Data extracted from a collection
□ □ □ □ □ □ □

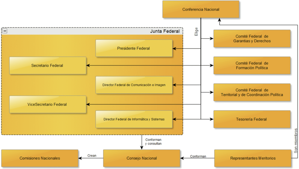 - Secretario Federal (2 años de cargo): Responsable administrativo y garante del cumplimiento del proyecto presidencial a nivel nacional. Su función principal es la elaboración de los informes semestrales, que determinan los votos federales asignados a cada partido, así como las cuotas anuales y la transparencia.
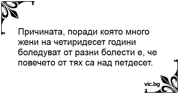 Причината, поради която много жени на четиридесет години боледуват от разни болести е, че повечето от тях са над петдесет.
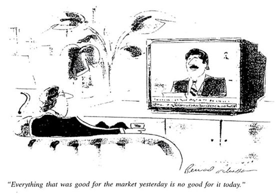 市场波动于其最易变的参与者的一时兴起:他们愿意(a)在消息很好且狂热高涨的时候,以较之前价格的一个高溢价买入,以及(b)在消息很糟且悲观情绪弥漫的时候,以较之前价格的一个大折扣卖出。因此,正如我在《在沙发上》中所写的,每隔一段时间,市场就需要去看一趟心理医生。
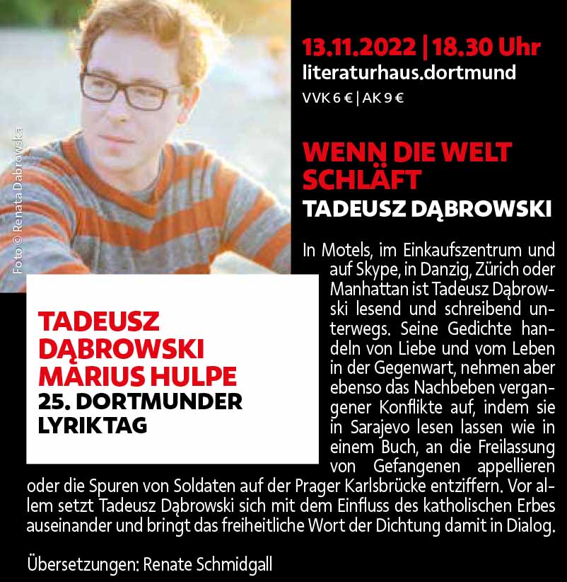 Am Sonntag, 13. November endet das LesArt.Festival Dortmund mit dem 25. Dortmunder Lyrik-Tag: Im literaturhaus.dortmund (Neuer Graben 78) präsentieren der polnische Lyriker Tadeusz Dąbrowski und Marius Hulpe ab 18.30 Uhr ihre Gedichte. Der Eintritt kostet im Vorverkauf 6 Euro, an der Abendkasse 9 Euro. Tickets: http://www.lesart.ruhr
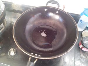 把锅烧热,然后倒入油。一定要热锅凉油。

□ □ □ □ □ □ □

_Problem_
In the copy you write, the data above must appear exactly, with no pictures.

_Response area_
 - Secretario Federal (2 años de cargo): Responsable administrativo y garante del cumplimiento del proyecto presidencial a nivel nacional. Su función principal es la elaboración de los informes semestrales, que determinan los votos federales asignados a cada partido, así como las cuotas anuales y la transparencia.
 Причината, поради която много жени на четиридесет години боледуват от разни болести е, че повечето от тях са над петдесет.
 市场波动于其最易变的参与者的一时兴起:他们愿意(a)在消息很好且狂热高涨的时候,以较之前价格的一个高溢价买入,以及(b)在消息很糟且悲观情绪弥漫的时候,以较之前价格的一个大折扣卖出。因此,正如我在《在沙发上》中所写的,每隔一段时间,市场就需要去看一趟心理医生。
 Am Sonntag, 13. November endet das LesArt.Festival Dortmund mit dem 25. Dortmunder Lyrik-Tag: Im literaturhaus.dortmund (Neuer Graben 78) präsentieren der polnische Lyriker Tadeusz Dąbrowski und Marius Hulpe ab 18.30 Uhr ihre Gedichte. Der Eintritt kostet im Vorverkauf 6 Euro, an der Abendkasse 9 Euro. Tickets: http://www.lesart.ruhr
 把锅烧热,然后倒入油。一定要热锅凉油。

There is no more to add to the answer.